Arno smiled. “Pleased to make your acquaintance.”
“Fuck you,” Jack snarled, but he knew he had lost any benefit of surprise and already his heart was hammering anvils.
Pretty tight quarters for a knife fight. Footing was tricky, too, the floor polished and waxed slick as mercury, rugs loose on top. Arno circling like a shark.
Sizing him up.
“You’re not Goodman,” the blond butcher declared.
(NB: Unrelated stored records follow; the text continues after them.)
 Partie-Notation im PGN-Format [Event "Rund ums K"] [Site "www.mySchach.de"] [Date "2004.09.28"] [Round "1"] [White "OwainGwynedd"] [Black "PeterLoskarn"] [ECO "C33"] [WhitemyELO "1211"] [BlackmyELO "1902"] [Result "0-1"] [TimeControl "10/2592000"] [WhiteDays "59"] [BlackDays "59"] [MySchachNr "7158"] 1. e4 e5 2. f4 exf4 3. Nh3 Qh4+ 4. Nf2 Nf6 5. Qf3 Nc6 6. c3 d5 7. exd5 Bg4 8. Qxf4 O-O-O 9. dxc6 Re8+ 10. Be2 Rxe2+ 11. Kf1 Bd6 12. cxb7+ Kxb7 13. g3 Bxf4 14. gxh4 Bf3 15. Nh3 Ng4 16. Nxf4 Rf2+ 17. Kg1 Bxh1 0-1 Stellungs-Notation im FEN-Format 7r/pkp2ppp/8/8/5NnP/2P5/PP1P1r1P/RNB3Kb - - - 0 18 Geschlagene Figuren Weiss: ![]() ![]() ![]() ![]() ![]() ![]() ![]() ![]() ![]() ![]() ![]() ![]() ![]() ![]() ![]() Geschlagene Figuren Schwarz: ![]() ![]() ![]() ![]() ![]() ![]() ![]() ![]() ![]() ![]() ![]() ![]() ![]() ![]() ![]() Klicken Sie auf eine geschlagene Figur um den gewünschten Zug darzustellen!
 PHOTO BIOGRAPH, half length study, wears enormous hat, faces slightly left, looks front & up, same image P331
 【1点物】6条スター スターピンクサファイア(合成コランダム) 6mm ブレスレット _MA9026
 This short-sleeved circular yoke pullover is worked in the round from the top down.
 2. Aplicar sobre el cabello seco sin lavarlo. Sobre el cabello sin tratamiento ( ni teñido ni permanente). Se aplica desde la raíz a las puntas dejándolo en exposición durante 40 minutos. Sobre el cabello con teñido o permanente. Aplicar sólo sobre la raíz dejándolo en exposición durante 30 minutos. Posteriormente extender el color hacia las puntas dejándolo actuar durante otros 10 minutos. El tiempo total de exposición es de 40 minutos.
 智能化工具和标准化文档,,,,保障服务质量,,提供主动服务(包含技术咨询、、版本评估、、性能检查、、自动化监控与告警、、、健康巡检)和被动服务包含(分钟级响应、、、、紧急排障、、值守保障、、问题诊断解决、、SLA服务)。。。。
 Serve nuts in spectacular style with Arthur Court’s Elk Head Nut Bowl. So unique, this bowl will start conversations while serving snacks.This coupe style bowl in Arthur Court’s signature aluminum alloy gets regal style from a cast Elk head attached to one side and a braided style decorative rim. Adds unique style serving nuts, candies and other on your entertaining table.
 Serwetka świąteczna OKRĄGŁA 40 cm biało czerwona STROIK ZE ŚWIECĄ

“The fuck would you know?”
“I saw you chasing a streetcar earlier today. Was grand entertainment.”
“Get your jollies easy.”
Becker snapped his knife from his left hand to the right and took a swipe—
But you couldn’t survive the Great War and bayonets without learning something. Jack stepped inside the arc of Arno’s blade and snapped a half-pound of brass solidly into the bone above the bastard’s elbow.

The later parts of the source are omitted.